Look, what’s the point of winning trades if you risk all your profits by filing taxes incorrectly? Winning trades takes skill; protecting your hard-earned profits at tax time just takes know-how.

Here are the top 10 mistakes traders make when preparing their tax returns. Pay attention, because making any of these mistakes could lead to thousands of dollars in unnecessary taxes, IRS audits, penalties or fines. Let’s count backwards from the bad to the worst.

 

Top 10 Trader Tax Mistakes

10. Not filing a tax return due to trading losses or minimal trading

There are traders who think they only have to file a tax return if they made profits, or that they don’t have to file if they lost money in the markets, or only made a handful of trades. Those people are dead wrong. Failure to report your trading activity, even if you only had losses or minimal gains, may lead to IRS notices, penalties and interest charges. Your broker sends the IRS a 1099 of your trading earnings and if the numbers don’t match what you claim on your return, you’re going to hear about it from Uncle Sam. What’s worse is that the IRS will assume that your total taxable profits equal your total proceeds, and you will be taxed at the highest tax bracket allowable. The issue is usually resolved with one simple action –  filing a tax return.

 

9. Reporting your gains and losses on Schedule C

Unfortunately, some traders experience losses greater than $3,000. They figure that since they’re business traders, they’re allowed to report and will attempt to write off all their losses using the Schedule C IRS form.

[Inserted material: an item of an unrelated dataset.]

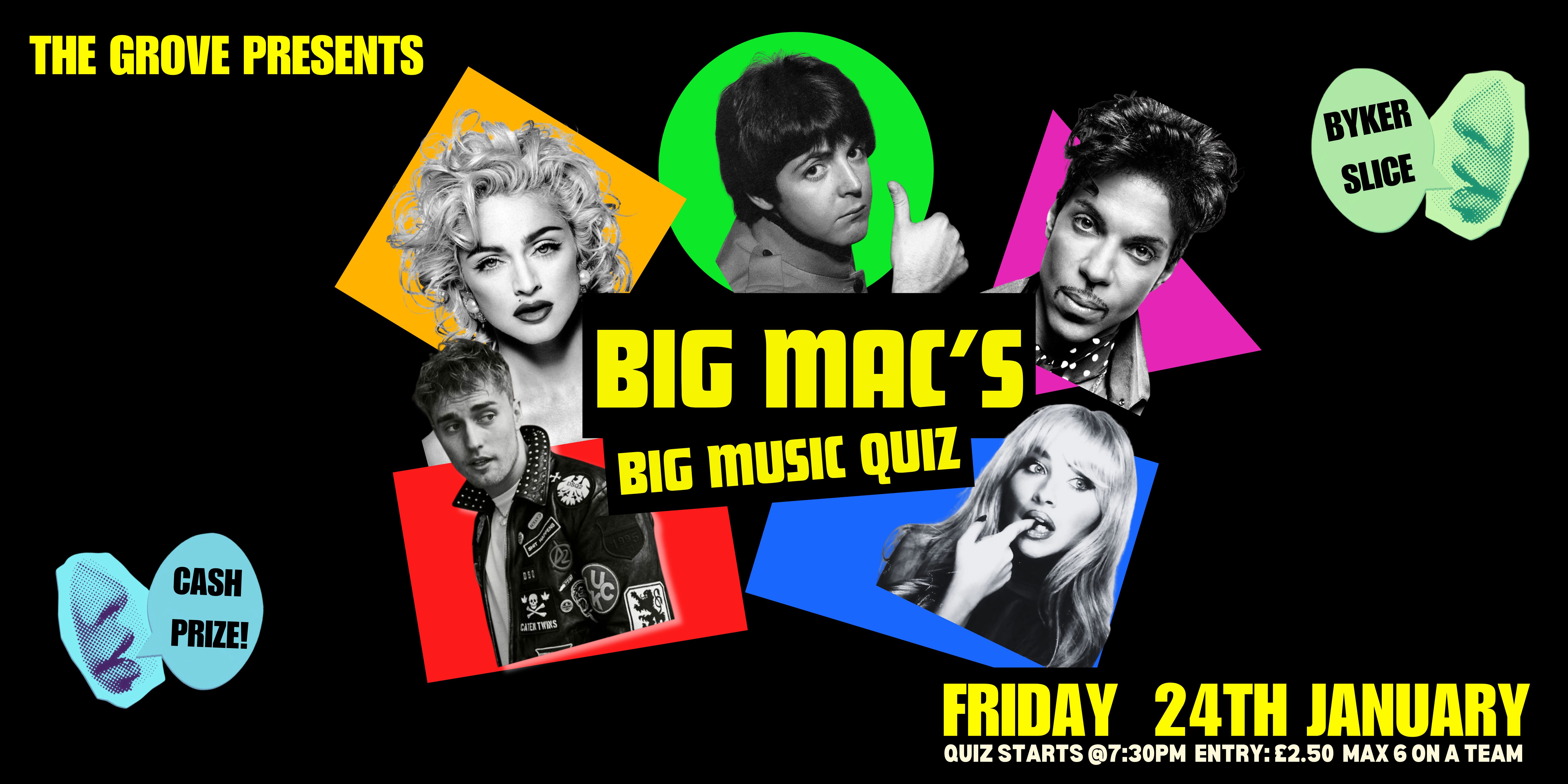 We’re kicking off 2024 with a bang! Join BIG MAC for a fun, laugh-out-loud kinda night. Jam packed with music trivia, laughs, and maybe a bit of healthy competition. Expect a mix of rounds to keep you on your toes, like:

Want to pop up on the IRS’s radar? This is a sure-fire way to do it.

The IRS code and publications clearly states that all capital transactions must be reported on the Schedule D IRS form, which limits loss claims to $3,000 in the year they occur. The remainder of the disallowed losses get carried over to future years. The only way to claim losses in excess of $3,000 is by electing the Market-to-Market (MTM) accounting method, which must be made by April 15th of the tax year in question. Most traders are not aware of this election and fail to make it on time. Reporting losses on your Schedule C will most likely generate an IRS notice or examination.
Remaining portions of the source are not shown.